_To do_. The reply should hold every entry exactly as written and none of the pictures.

_Given records_.
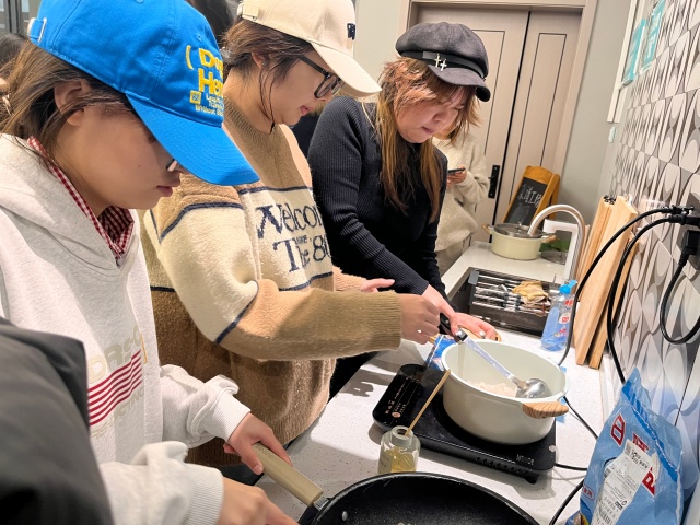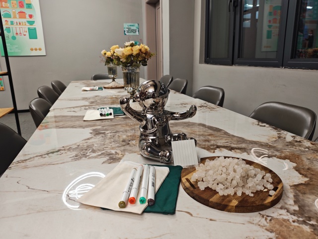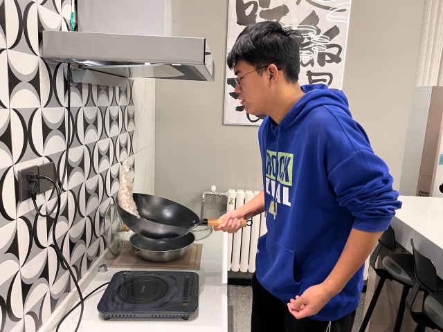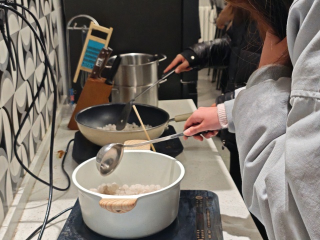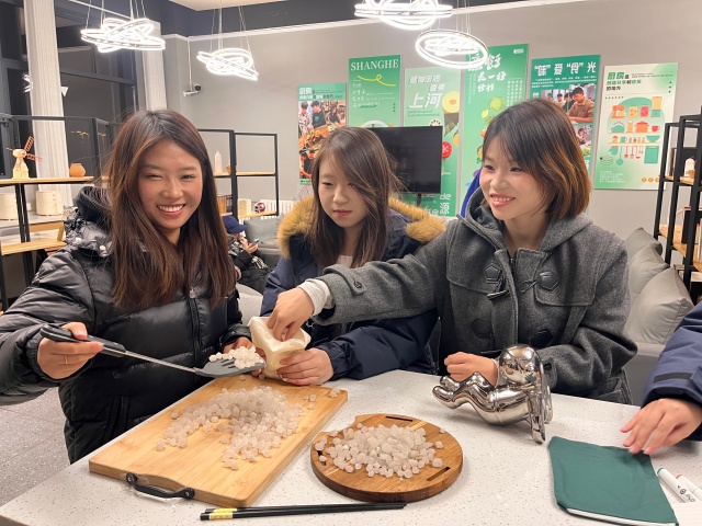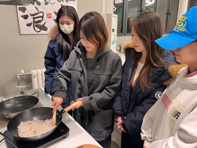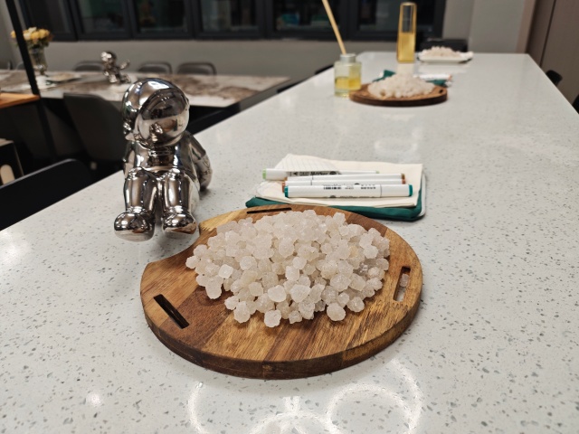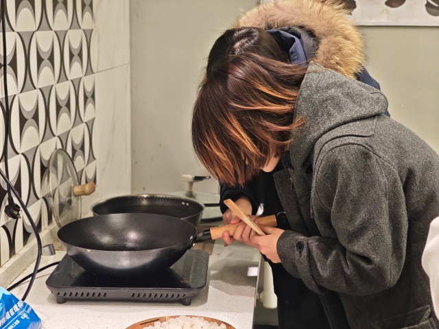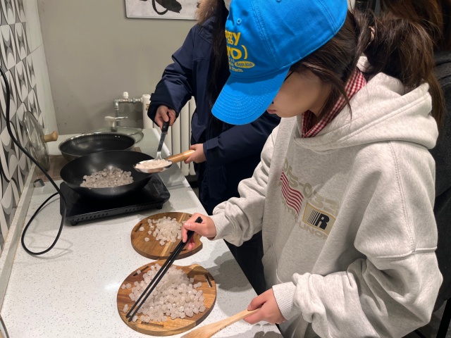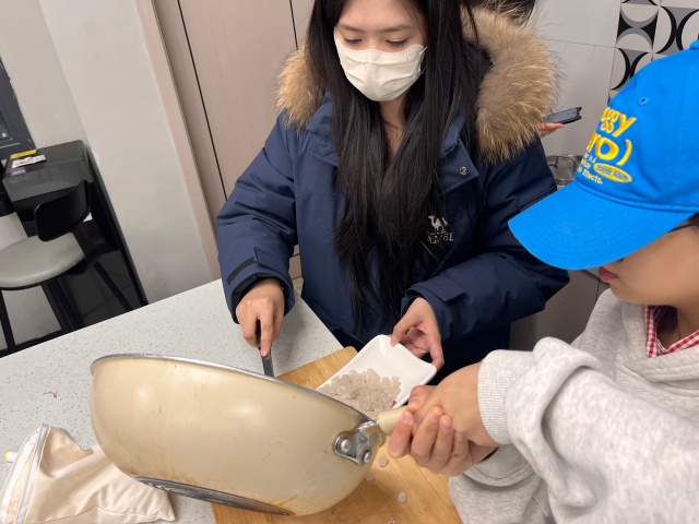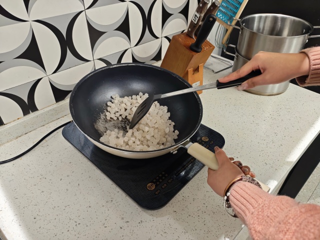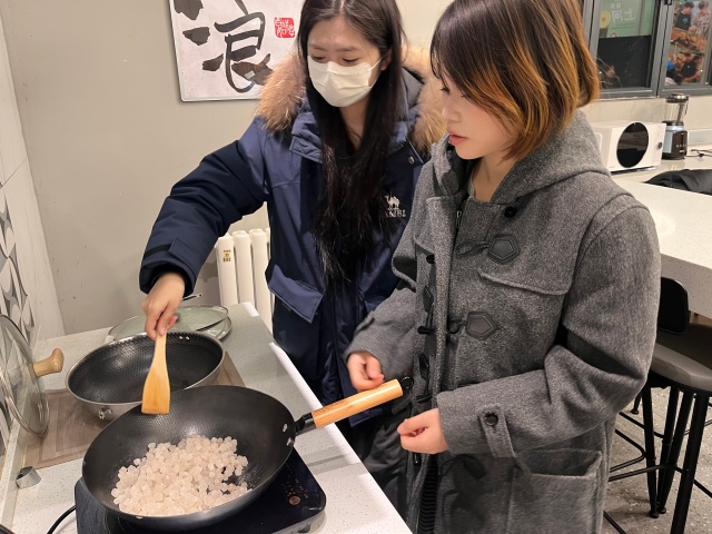 “炒粗盐可是个技术活,中小火慢炒才不会焦,炒到盐粒发烫但不冒烟就刚好!”活动刚开场,来自生活委员郭昱焜的经验分享就吸引了大家的目光。右岸厨房的操作台前很快分成了“热力炒制组”和“创意装饰组”,各司其职又默契配合。
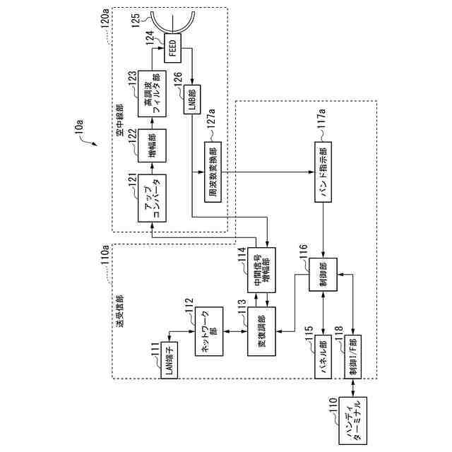従来、衛星通信では、通信に用いる衛星によって、Xバンド、Kaバンド、Kuバンドなどの使用するバンド、BPSK(Binary Phase Shift Keying)、QPSK(Quadrature Phase Shift Keying)などの変調方式、帯域幅が異なる。このため、地上局となる衛星通信装置は、通信に用いる衛星に応じた導波管、モデムなどを備えている。
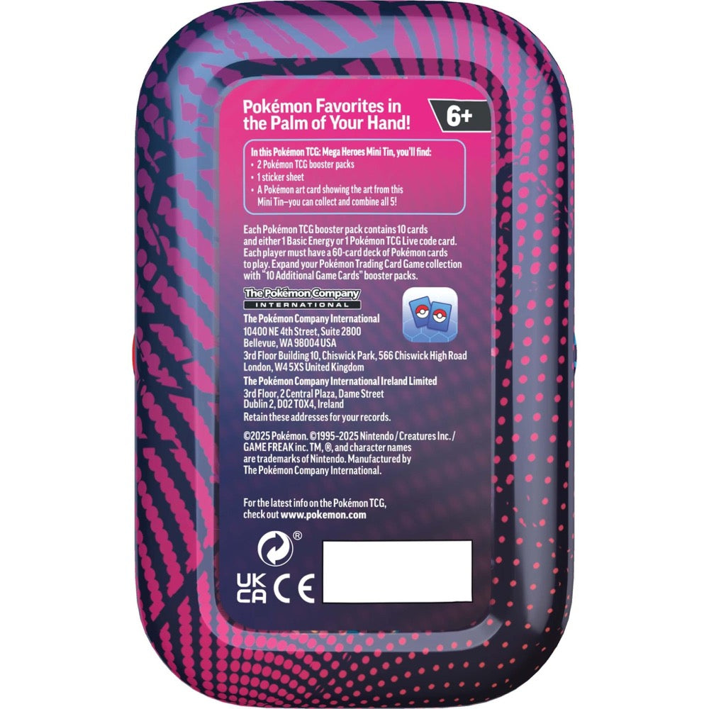 In this Pokémon TCG: Mega Heroes Mini Tin, you’ll find:
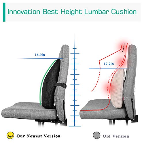 Mkicesky - مخدة دعم أسفل الظهر لكرسي المكتب/السيارة، مخدة دعم الظهر من فوم الذاكرة مع مصحح وضعية كامل لتخفيف آلام أسفل الظهر من مكيسيسكي
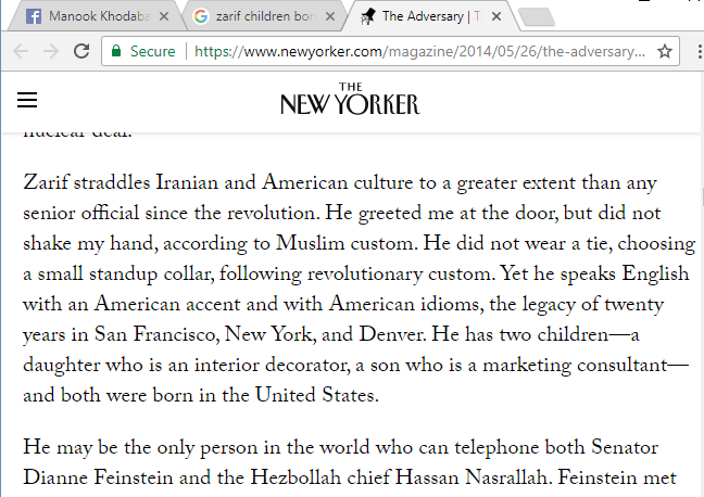 جواد ظریف به ترامپ : من و ما همه تروریستیم!…
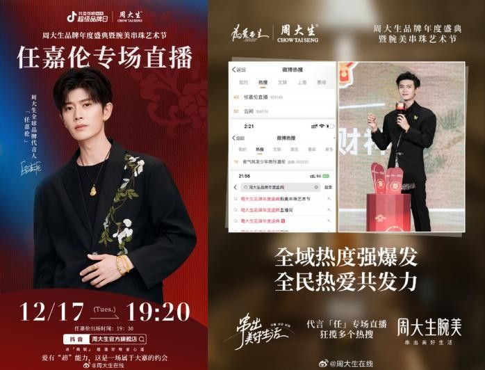 同時,周大生將此東方色藏匿于寶藏時刻當中,開啟了《周大生品牌年度盛典暨腕美串珠藝術節(jié)》專場直播,實現(xiàn)全域熱度爆發(fā),狂攬微博、抖音平臺等多個熱搜。
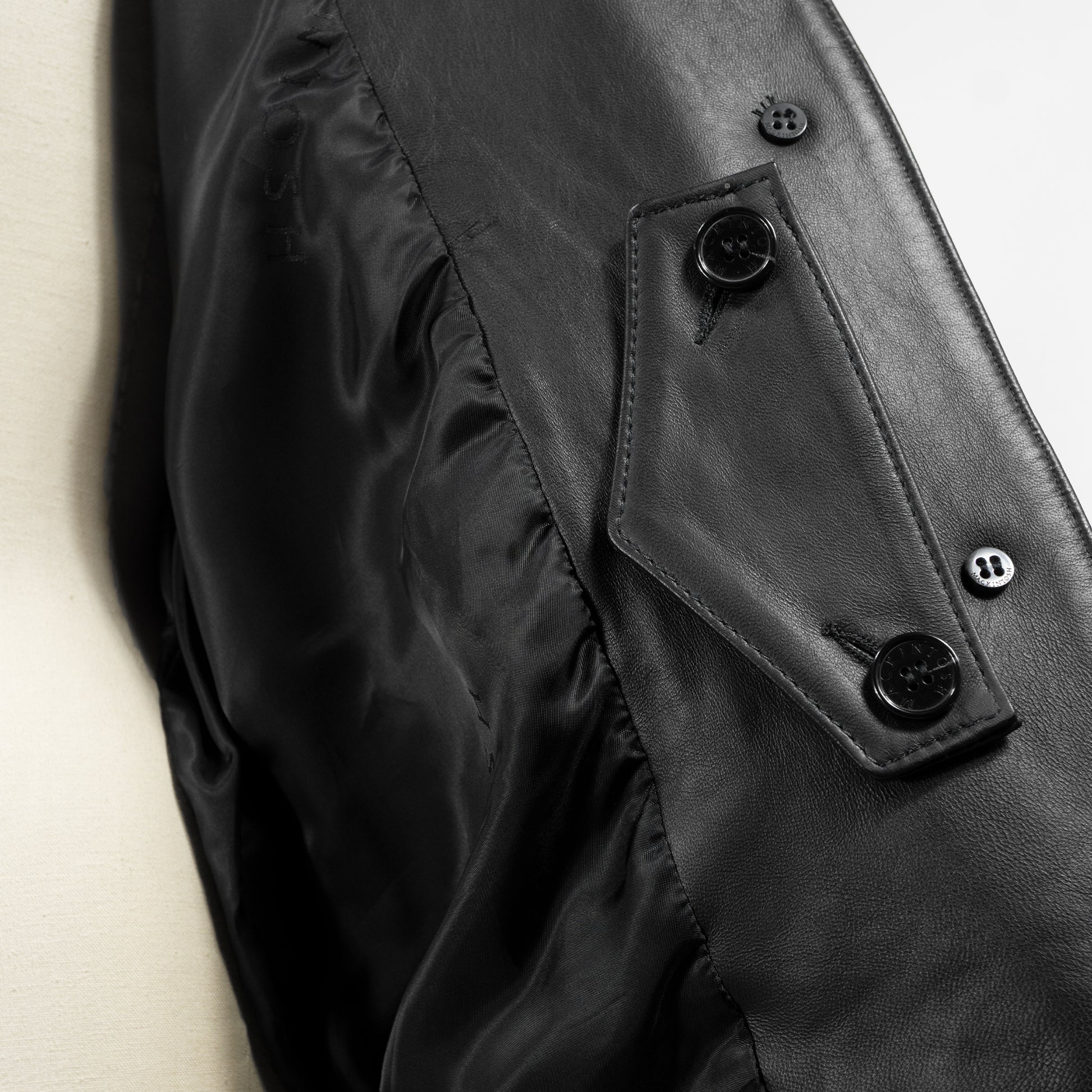 マッキントッシュを代表するモデル「ハンビー」をベースにしたショート丈のレザージャケットです
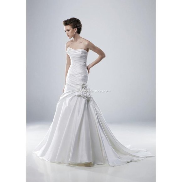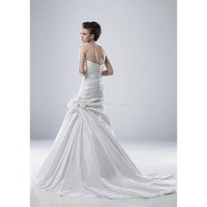 NWT Modeca Wedding Dress. Brand new with tags. Fabric is a soft taffeta and has 2 roses made from fabric on bust and hip. Full skirt below tapered A-line bust.
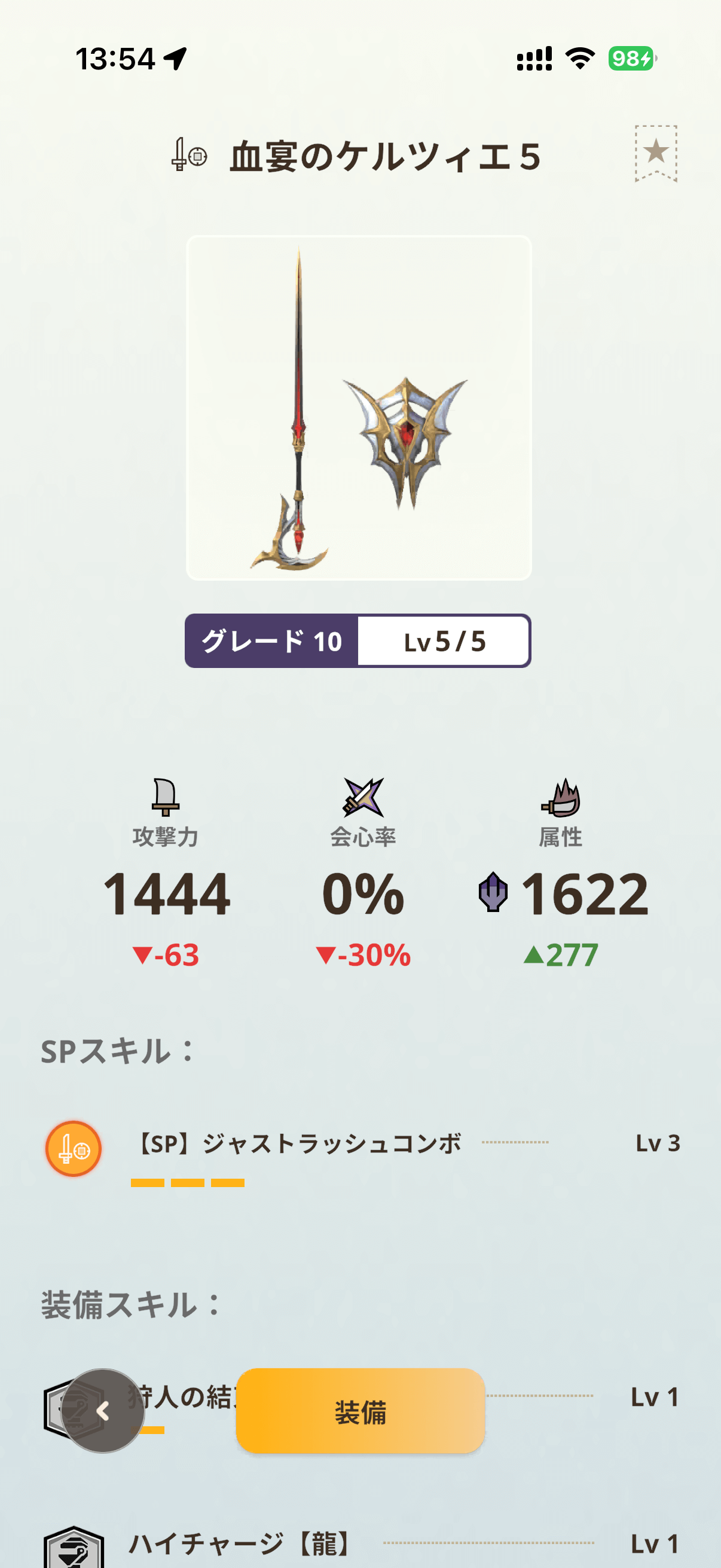 このハイチャージ【龍】は、残り体力に応じて龍属性攻撃力が上昇するスキルで、体力が多いほど属性値が伸びていくという明確な特徴を持ちます。

_Task response_.
 “炒粗盐可是个技术活,中小火慢炒才不会焦,炒到盐粒发烫但不冒烟就刚好!”活动刚开场,来自生活委员郭昱焜的经验分享就吸引了大家的目光。右岸厨房的操作台前很快分成了“热力炒制组”和“创意装饰组”,各司其职又默契配合。
従来、衛星通信では、通信に用いる衛星によって、Xバンド、Kaバンド、Kuバンドなどの使用するバンド、BPSK(Binary Phase Shift Keying)、QPSK(Quadrature Phase Shift Keying)などの変調方式、帯域幅が異なる。このため、地上局となる衛星通信装置は、通信に用いる衛星に応じた導波管、モデムなどを備えている。
 In this Pokémon TCG: Mega Heroes Mini Tin, you’ll find:
 Mkicesky - مخدة دعم أسفل الظهر لكرسي المكتب/السيارة، مخدة دعم الظهر من فوم الذاكرة مع مصحح وضعية كامل لتخفيف آلام أسفل الظهر من مكيسيسكي
 جواد ظریف به ترامپ : من و ما همه تروریستیم!…
 同時,周大生將此東方色藏匿于寶藏時刻當中,開啟了《周大生品牌年度盛典暨腕美串珠藝術節(jié)》專場直播,實現(xiàn)全域熱度爆發(fā),狂攬微博、抖音平臺等多個熱搜。
 マッキントッシュを代表するモデル「ハンビー」をベースにしたショート丈のレザージャケットです
 NWT Modeca Wedding Dress. Brand new with tags. Fabric is a soft taffeta and has 2 roses made from fabric on bust and hip. Full skirt below tapered A-line bust.
 このハイチャージ【龍】は、残り体力に応じて龍属性攻撃力が上昇するスキルで、体力が多いほど属性値が伸びていくという明確な特徴を持ちます。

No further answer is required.